The morning arrived and I grabbed a quick breakfast, half an avocado with olive oil and balsamic vinegar plus half a protein bar. The worst bit was waiting for it to start. I stood up on the promenade whilst the earlier groups began their races and watched the strong current dragging contestants off course.
The swim was my biggest worry and the fear made it difficult to maintain steady breathing. We lined up on the edge of the beach, trying to concentrate on what we were being told but all with one eye on that defiant current. All of a sudden, I wasn't ready at all, a horn was blown and we were off. I'd been told horrific stories of people pulling you under the water from behind and swimming straight over the top of you so I made sure I was right out on the edge of the pack. It wasn't a problem for long as I ended up at the back with all the space I needed anyway!
The first 200-300m were the worst. My chest felt tight and I wanted to swim fast to get it over with but I also knew I needed to pace myself. I subsequently realised that the physical part of a triathlon was actually only part of the challenge, being mentally prepared for the endurance was equally as important. This realisation helped strangely, I knew my body could do it and that the more I relaxed the better it would be, so I took it slow, found my rhythm and kept myself going until I reached the shore again.
WE DID IT
Once the swim was over I felt a lot better and focused on completing the rest of the race as fast as my legs would let me. Mum had finished her race and was on the sidelines cheering me on and I couldn't help but smile every time I passed my team of supporters because it made me realise that this was actually happening... and that it would soon be over.

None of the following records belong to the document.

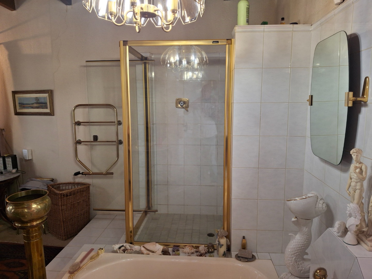The spacious master bedroom includes modern walk-in cupboards, an open plan modern bath, and leads to a private bathroom offering double basins, shower and toilet. Bathroom two has two doors, one leading into a huge bedroom and the other door serves as an entrance for guests, bathroom three is newly tiled and offers a bath, basin and toilet.
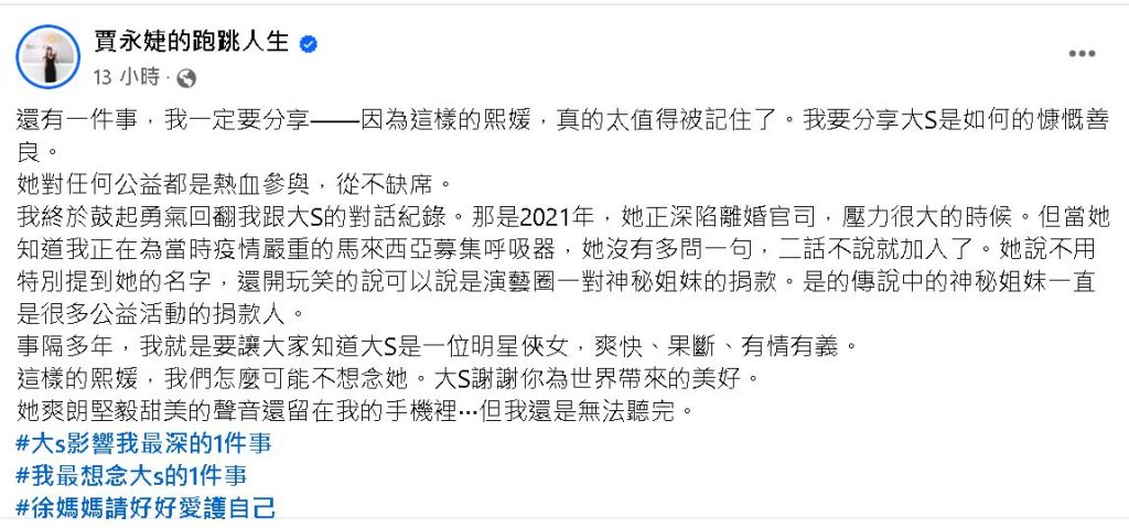 贾永婕10日深夜发文分享大S生前的一事,指她对于公益活动都是热血参与,2021年在疫情期间,大S正深陷离婚官司,压力很大,但当得知贾永婕在为当时疫情严重的马来西亚募集呼吸器,立刻二话不说捐款100万。
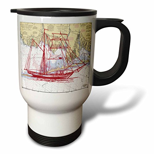 3dRose Print of Great South Bay with Red Ghost Ship Travel Mug, 14 oz, Stainless Steel, White
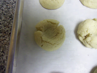 Immediately after pulling the cookies out of the oven, use your thumb, or the back of a measuring spoon to make a round indention in each cookie.
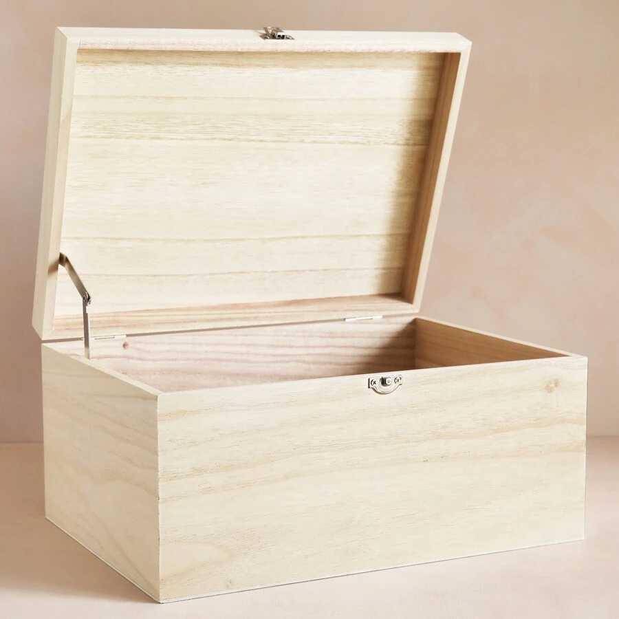 This large wooden hamper box features two hinges on the back, allowing the lid to be lifted with ease. At the front of the box is a fastening to keep the lid closed and the goodies inside safely tucked away.
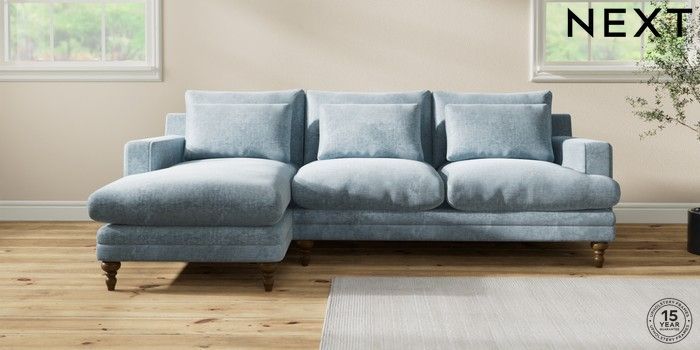 7.2.10 Buy Hutton Deep Relaxed Sit Medium Sofa Chaise - Left Hand Plush Chenille Light Blue Country Turned - Mid from the Seasons online shop Click here to use our website with more accessibility support, for example screen readers
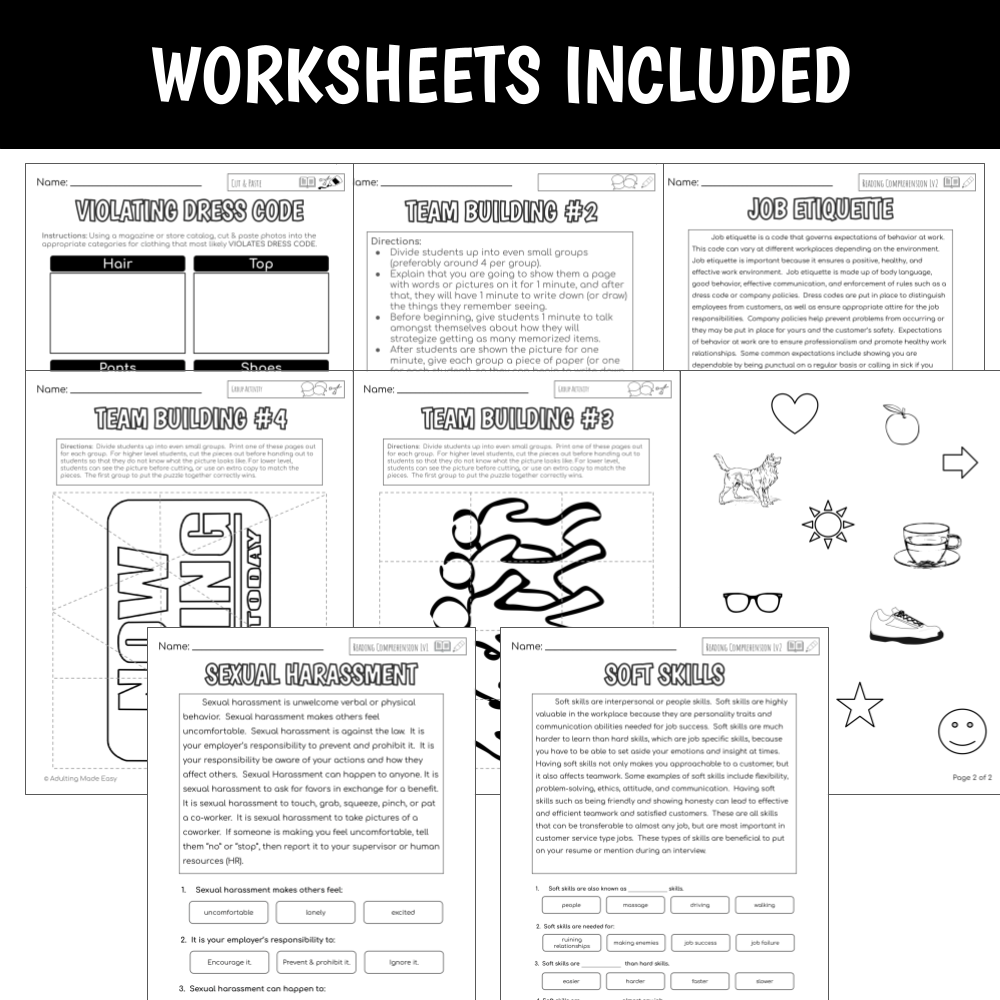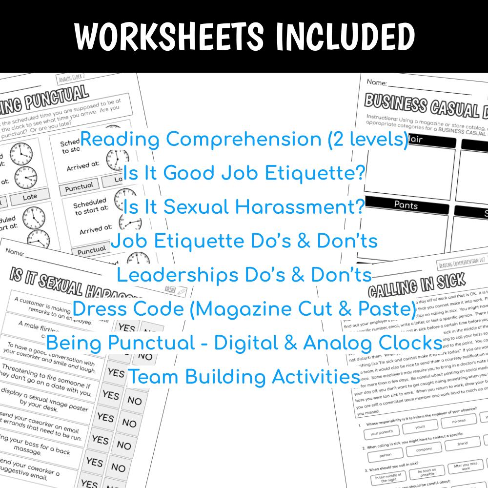 This unit focuses on vocational vocabulary and job etiquette skills. Basic concepts of calling in sick, being punctual, dress code, being ethical, sexual harassment, teamwork, and soft skills are covered through visual lecture, cut & paste, tracing, reading comprehension, writing sentences, functional worksheets and more.

Joking aside, I will be forever glad that I did it. I spent all year thinking 'I should have signed up for the shorter distance' and 'I'm not prepared for this' but on the day I pushed myself further than I thought I could and actually achieved a time I was happy with.
Too often we put limits on our abilities, especially when there's fear of failure lurking at the back of our minds, but if we don't challenge those limits we'll never do anything we're truly proud of. It's not always about competing with the world around you it's about fighting off your own thoughts and worries that stop you from doing things you know, deep down, you want to do. We all have a lot more in us than we give ourselves credit for so next time you're thinking about signing up to something, whether it's a triathlon, a 5k run or even a networking event you're scared to go to, remember that most of our monsters do not warrant the fears we have of them.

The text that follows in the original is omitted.